How to Efficiently Implement k Stacks in a Single Array?

Difficulty Level Medium
Frequently asked in Amazon Fourkites
Array StackViews 1993

Design and implement a new data structure that Implement k Stacks in a Single Array. The new data structure must support these two operations –

  • push (element, stack_number): that pushes the element in a given number of the stack.
  • pop (stack_number): that pop out the top element from a given number of the stack.
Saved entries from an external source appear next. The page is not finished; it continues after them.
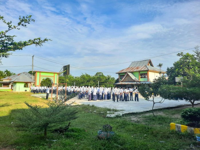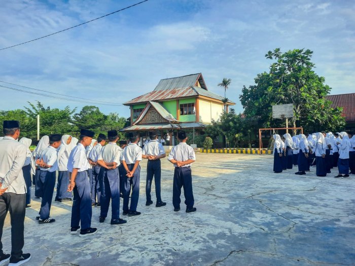 Suka Jaya (MTsN 1 Bungo) - Suasana pagi di halaman utama MTsN 1 Bungo pada Senin ini tampak begitu khidmat. Seluruh peserta didik menunjukkan sikap siap, tertib, dan disiplin dalam mengikuti pelaksanaan upacara bendera yang rutin dilaksanakan setiap awal pekan. (27/10)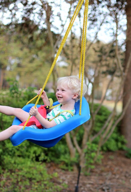 I worked until Chase had other plans for me and once he was up, we read some stories before Chase asked for an early bath and “jammies.” This meant we ended up playing in our pajamas in the backyard once Ryan got home from work and undoing all the cleanliness from bath time but Chase had a BALL on the swing and challenged Dad to 5,000 running races in the grass.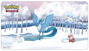 Hrací podložka Pokémon. Vrchní část je z měkké tkaniny a chrání tak karty během používání.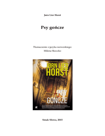Jørn Lier Horst Psy gończe Tłumaczenie z języka norweskiego: Milena Skoczko Smak Słowa, 2015 1 Deszcz bębnił w szybę. Woda spływała po oknach i skapywała z dachu na stoliki ustawione na zewnątrz. Silne podmuchy wiatru szarpały nagimi gałęziami topoli, które chrobotały o ścianę. William Wisting siedział przy stoliku i patrzył przez okno. Wiatr porwał z mokrego chodnika klejący jesienny liść. Po drugiej stronie ulicy stała w strugach deszczu furgonetka do przeprowadzek. Podbiegła do niej para młodych ludzi z kilkoma dużymi kartonami, po czym młodzi szybko zawrócili do bramy. Wisting lubił deszcz. Sam do końca nie rozumiał, jak to się dzieje, ale deszcz zmniejszał tempo życia. Sprawiał, że człowiek mógł opuścić ramiona i uspokoić oddech. Miękkie jazzowe dźwięki mieszały się z odgłosem deszczu z szumem spadających kropel. Wisting odwrócił się do baru. Płomienie świec rzucały drżące cienie na ściany. Suzanne uśmiechnęła się do niego, wyciągnęła rękę w stronę półki i ściszyła muzykę. Nie byli sami w lokalu. Przy stoliku na końcu kontuaru siedziały trzy młode osoby. Intymny nastrój panujący w tej nowoczesnej, miejskiej kawiarni sprawiał, że stała się miejscem spotkań studentów nowo otwartego wydziału Wyższej Szkoły Policji. Znowu skierował wzrok na okno. „Święty spokój” – brzmiał łukowaty napis utworzony z odwróconych, zmarzniętych liter. „Galeria i bar kawowy”. To było największe marzenie Suzanne. Jak długo nosiła je w sobie, tego nie wiedział. Pewnego zimowego wieczoru odłożyła książkę, którą właśnie czytała, i opowiedziała mu o przewoźniku na rzece Hudson. Przez całe życie kursował między Nowym Jorkiem a Jersey, tam i z powrotem, tam i z powrotem. Dzień do dniu, rok po roku. Aż pewnego dnia podjął odważną decyzję. Zawrócił prom i obrał kurs na pełne morze, cała naprzód, w stronę oceanu, o którym zawsze marzył. Następnego dnia kupiła lokal na kawiarnię. 2 Spytała go wtedy, jakie jest jego wielkie marzenie, ale nie odpowiedział. Nie dlatego, że nie chciał, po prostu nie znał odpowiedzi. Lubił swoje życie. Był policjantem i nie chciał tego zmieniać. Praca śledczego dawała mu poczucie, że robi coś ważnego i pożytecznego. Uniósł filiżankę, przyciągnął do siebie niedzielne wydanie gazety i spojrzał w jesienny mrok za oknem. Zwykle siadał w głębi lokalu, gdzie prawie nikt nie zwracał na niego uwagi. Tym razem jednak mógł siedzieć spokojnie przy oknie, nie ryzykując, że ktoś z przechodniów rozpozna go i wejdzie do środka, żeby uciąć sobie z nim pogawędkę. W taką pogodę ludzie niechętnie opuszczali domy. Z czasem przyzwyczaił się do tego, że jest rozpoznawany na ulicy. Zdarzało się to zresztą jeszcze częściej po tym, jak zgodził się wystąpić w telewizyjnym talk-show i opowiedzieć o jednej z prowadzonych przez siebie spraw. Młody mężczyzna siedzący z kolegami przy stoliku przed kontuarem spojrzał na Wistinga, gdy ten wszedł do środka, i trącił łokciem swoich dwóch towarzyszy. Wisting również go rozpoznał. Chłopak uczył się w szkole policyjnej. Na początku semestru poproszono Wistinga o wygłoszenie odczytu na temat etyki zawodowej. Chłopak był jednym z tych, którzy siedzieli w pierwszym rzędzie. 3 Wisting skupił się na gazecie. Pierwsza strona składała się głównie z porad dotyczących odchudzania, z ostrzeżenia przed dalszymi opadami deszczu oraz z intryg w popularnym telewizyjnym reality show. Niedzielne wydania rzadko zawierały najświeższe informacje. Konserwy – tak Line nazywała gotowe materiały, które leżały w redakcji przez całe dni i tygodnie, zanim ukazywały się w druku. Jego córka pracowała w „VG” od prawie pięciu lat. Zawód dziennikarza wymagał ciekawości świata i odpowiedniej dozy krytycyzmu, których Line nie brakowało. Przeszła przez różne działy, ale od jakiegoś czasu pracowała w sekcji kryminalnej. Zdarzało się więc, że ona i jej redakcyjni koledzy zajmowali się tymi samymi sprawami, co Wisting. Występowanie w tej podwójnej roli nie nastręczało mu jednak żadnych trudności, wręcz przeciwnie – świetnie sobie radził jako oficer wydziału kryminalnego i ojciec dziennikarki śledczej. W ścieżce kariery, jaką wybrała Line, nie podobało mu się tylko jedno: myśl, że w pracy będzie miała do czynienia z całą ludzką nędzą. On sam był policjantem od trzydziestu jeden lat. W tym czasie zdążył zetknąć się z niemal wszystkimi formami przemocy i brutalności, a bezsennych nocy nie był w stanie zliczyć. Właśnie tego chciał oszczędzić swojej córce. Minął strony z komentarzami i przejrzał pobieżnie wiadomości. Nie spodziewał się znaleźć żadnego artykułu Line. Rozmawiał z nią przed weekendem i wiedział, że miała wolne. Coraz bardziej cenił sobie możliwość dyskutowania z Line na bieżące tematy, którymi żyło całe społeczeństwo. Niełatwo mu było się do tego przyznać, ale dzięki rozmowom z córką mógł w inny sposób odnieść się do swojej roli policjanta. Jej trzeźwe spojrzenie na niego i na grupę zawodową, którą reprezentował, spojrzenie osoby z zewnątrz, nieraz zmusiło go do zrewidowania nieco skostniałych poglądów na temat samego siebie. Właśnie ostatnio, podczas wykładu dla słuchaczy szkoły policyjnej, gdy mówił o tym, jak ważne dla poczucia bezpieczeństwa i zaufania obywateli jest to, aby policja w swoich działaniach kierowała się prawością, przyzwoitością i sumiennością, zdał sobie sprawę, że punkt widzenia Line stanowił dla niego ważne źródło inspiracji. Starał się wytłumaczyć swoim przyszłym kolegom, jak ważne w życiu policjanta są podstawowe wartości moralne. Że zawód ten wymaga rzetelności i obiektywizmu, uczciwości i prostolinijności, i ciągłego poszukiwania prawdy. 4 Gdy doszedł do ostatniej strony z p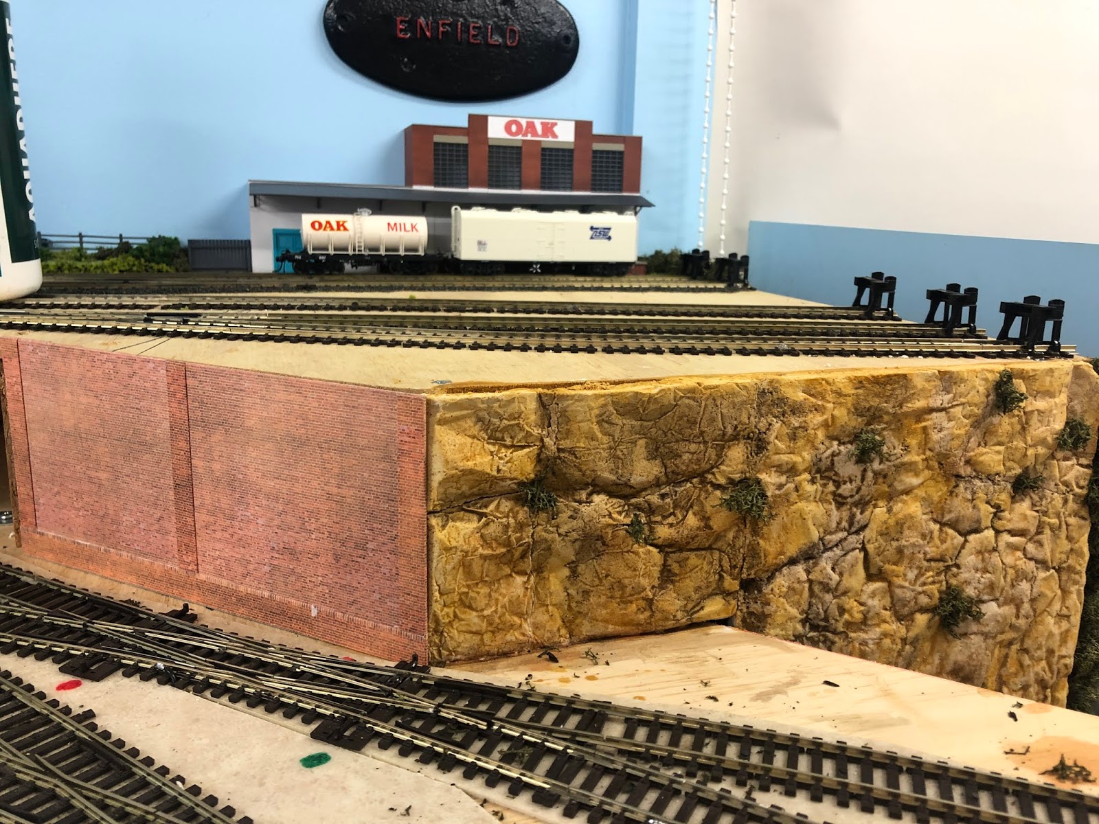 The section to the left of the rock wall will be a brick retaining wall leading up a bridge or a tunnel portal.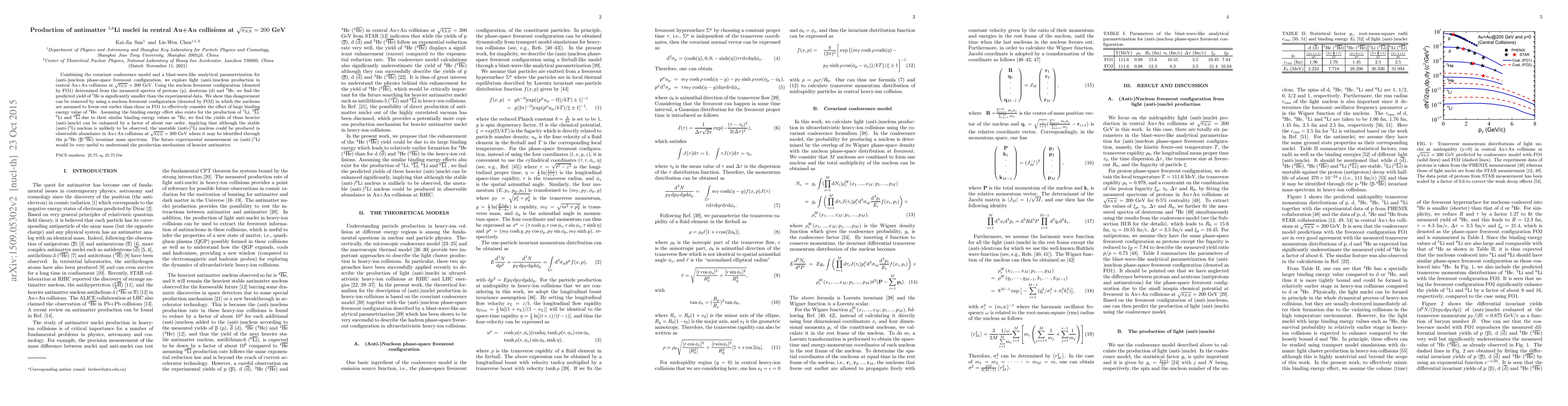 Combining the covariant coalescence model and a blast-wave-like analytical parametrization for (anti-)nucleon phase-space freezeout configuration, we explore light (anti-)nucleus production in central Au+Au collisions at $\sqrt{s_{NN}} = 200$ GeV. Using the nucleon freezeout configuration (denoted by FO1) determined from the measured spectra of protons (p), deutrons (d) and $^{3}$He, we find the predicted yield of $^{4}$He is significantly smaller than the experimental data. We show this disagreement can be removed by using a nucleon freezeout configuration (denoted by FO2) in which the nucleons are assumed to freeze out earlier than those in FO1 to effectively consider the effect of large binding energy value of $^{4}$He. Assuming the binding energy effect also exists for the production of $^5\text{Li}$, $^5\overline{\text{Li}}$, $^6\text{Li}$ and $^6\overline{\text{Li}}$ due to their similar binding energy values as $^{4}$He, we find the yields of these heavier (anti-)nuclei can be enhanced by a factor of about one order, implying that although the stable (anti-)$^6$Li nucleus is unlikely to be observed, the unstable (anti-)$^5$Li nucleus could be produced in observable abundance in Au+Au collisions at $\sqrt{s_{NN}} = 200$ GeV where it may be identified through the p-$^4\text{He}$ ($\overline{\text{p}}$-$^4\overline{\text{He}}$) invariant mass spectrum. The future experimental measurement on (anti-)$^5\text{Li}$ would be very useful to understand the production mechanism of heavier antimatter.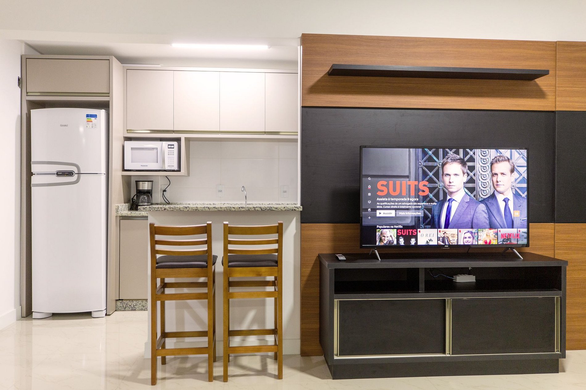 Ar condicionado e TV completa (inclusive Netflix).

How to Efficiently Implement k Stacks in a Single Array?

Example

Input 

push(15, 2)
push(45, 2)
push(17, 1)
push(49, 1)
push(39, 1)
push(11, 0)
push(9, 0)
push(7, 0)
pop(2)
pop(1)
pop(0)

Output

Popped element from stack 2 : 45
Popped element from stack 1 : 39
Popped element from stack 0 : 7

Input 

push(100, 1)
push(200, 0)
push(300, 0)
pop(1)
pop(0)

Output 

Popped element from stack 1 : 100
Popped element from stack 0 : 300

Algorithm to efficiently implement k stacks in a single array

  1. Create array arr[ ] to store the elements of the stacks, top[ ] to store the index of top elements of all the stacks, and next[ ] to keep the update of the next element of all stacks.
  2. Create a variable free to store the starting index of the free list.
  3. Traverse and set all values of top[ ] as -1 and values of next[ ] as index + 1.
  4. Create function push() that accepts element and stack number as a parameter and check if a stack of the given number is full print “Stack Overflow” and return.
  5. Else Initialise a variable say i and update it as free. Update free as next(i), next(i) as the top of the stack of given number, top of the stack of a given number as i and at last push the element in the array at index i.
  6. Create function pop() that accepts stack number as a parameter and check if the stack of a given number is empty print “Stack Underflow” and return.
  7. Else Initialise a variable say i and update it as the top of the stack of a given number. Update top of the stack of a given number as next(i), next(i) as free, free as I, and at last return the element in the array at index I.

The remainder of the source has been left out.